In the past, when a home owner's mortgage came up for renewal, they simply went back to the bank holding the mortgage and signed a new agreement. First-time home buyers went to the bank they normally dealt with to apply for a mortgage. All that has changed over the last several years; consumers are much more likely to shop around to get the best possible interest rate. More and more of them are choosing to go to a real estate mortgage broker for assistance.
What is a Real Estate Mortgage Broker?
A real estate mortgage broker is a person who acts as the middleman between the person wanting to arrange the mortgage and the lending institution. The broker has the ability to work with multiple lenders, which means they may be able to find a better interest rate than the one offered by a bank.

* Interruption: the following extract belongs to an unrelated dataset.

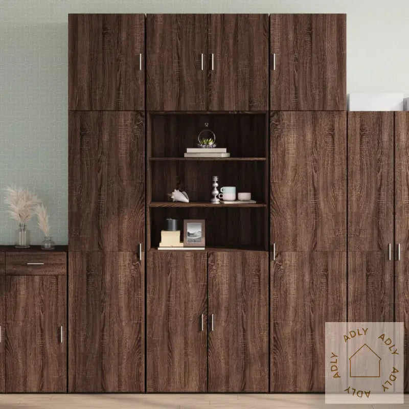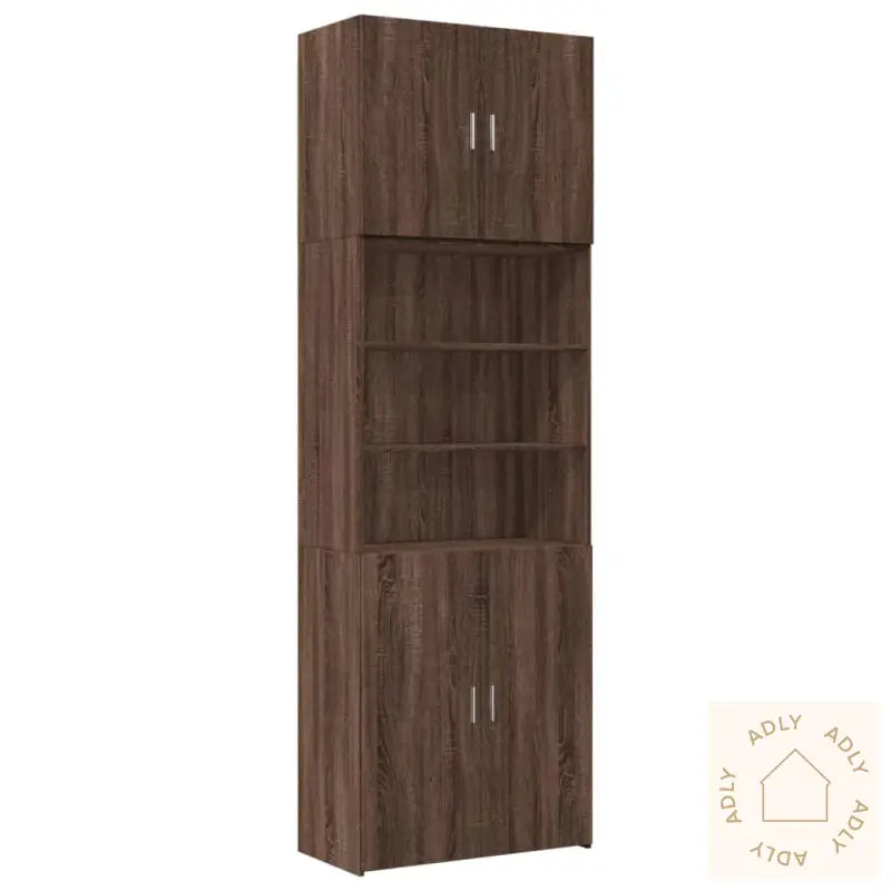 Holdbart materiale: Highboardet er laget av konstruert tre av høy kvalitet. Det har en glatt overflate som gir et eksklusivt uttrykk og gjør møbelet robust, stabilt og motstandsdyktig mot fuktighet – perfekt for norske forhold.Enkelt i bruk: De praktiske håndtakene gjør det smidig å åpne og lukke skapdørene. Samtidig gir detaljene ekstra visuell interesse og hever stilen på møblet.Rikelig oppbevaringsplass: Med både åpne hyller og lukkede skap får du god plass til å organisere gjenstander som bøker, servise, dekor eller andre viktige ting. Dette gir deg oversikt, ryddighet og alt du trenger lett tilgjengelig.Enkel vedlikehold: Den glatte overflaten gjør det enkelt å holde møbelet rent. Bare tørk over med en fuktig klut – superpraktisk i en travel hverdag, med minimalt behov for vedlikehold.Allsidig bruk: Dette highboardet med brun eik-finish passer inn i både stue, soverom, gang, kontor eller til og med garasjen – et smart valg uansett hvor i huset du trenger ekstra oppbevaring.Advarsel:
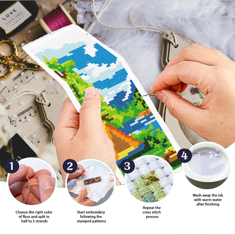 - ENHANCE HANDS-OFF SKILLS: These DIY cross stitch beginner kits with innovative and unique designs help to improve concentration, dexterity and hand-eye co-ordination, as well as being a great way to relax. You will get a great sense of satisfaction and achievement after completing these handmade embroidery bookmarks sets

A real estate mortgage broker may also be able to arrange financing for someone who would otherwise have trouble getting a loan (bad credit, self-employed, gaps in employment history).
Finding a Real Estate Mortgage Broker
One of the best ways to find a broker is to ask friends, family members, and co-workers if they can recommend someone. A reputable broker will want to make sure his or her clients are satisfied with the service provided. It's a good idea to call your local Better Business Bureau to find out if there are any complaints on record against the broker.
Another way to find a real estate mortgage broker is to contact a realtor and ask if they know of anyone. The Real Estate Board serving your area may also have a list of local mortgage brokers. Listings for mortgage brokers can be found in the Yellow Pages or online.
Once you find a few mortgage brokers, contact them to find out how many lenders they work with. (You will want to find a broker who works with a large number of lenders.) This information may be included on the broker's website.
Mortgage Broker Fees
An important consideration when looking for a mortgage broker is how the broker is paid. In some cases, they charge the borrower an up-front origination fee (usually a percentage of the amount borrowed). The fee may also be added to the loan; this means that the borrower will need to add this amount to the loan and pay interest on it as well. The mortgage broker will also charge a fee to the lender.
Including the mortgage broker's fees with the amount borrowed may be a good choice for first-time buyers who don't have extra cash to pay up front or those who want to refinance their home to improve cash flow.
Who Needs a Mortgage Broker?
Working with a mortgage broker is a good choice for those people who want to ensure that they are getting the best possible rate. People who have been turned down by their bank may also be able to arrange mortgage financing with an alternate lender. With a financial commitment of this size, it's a good idea to shop around and consider the options before you sign a mortgage agreement.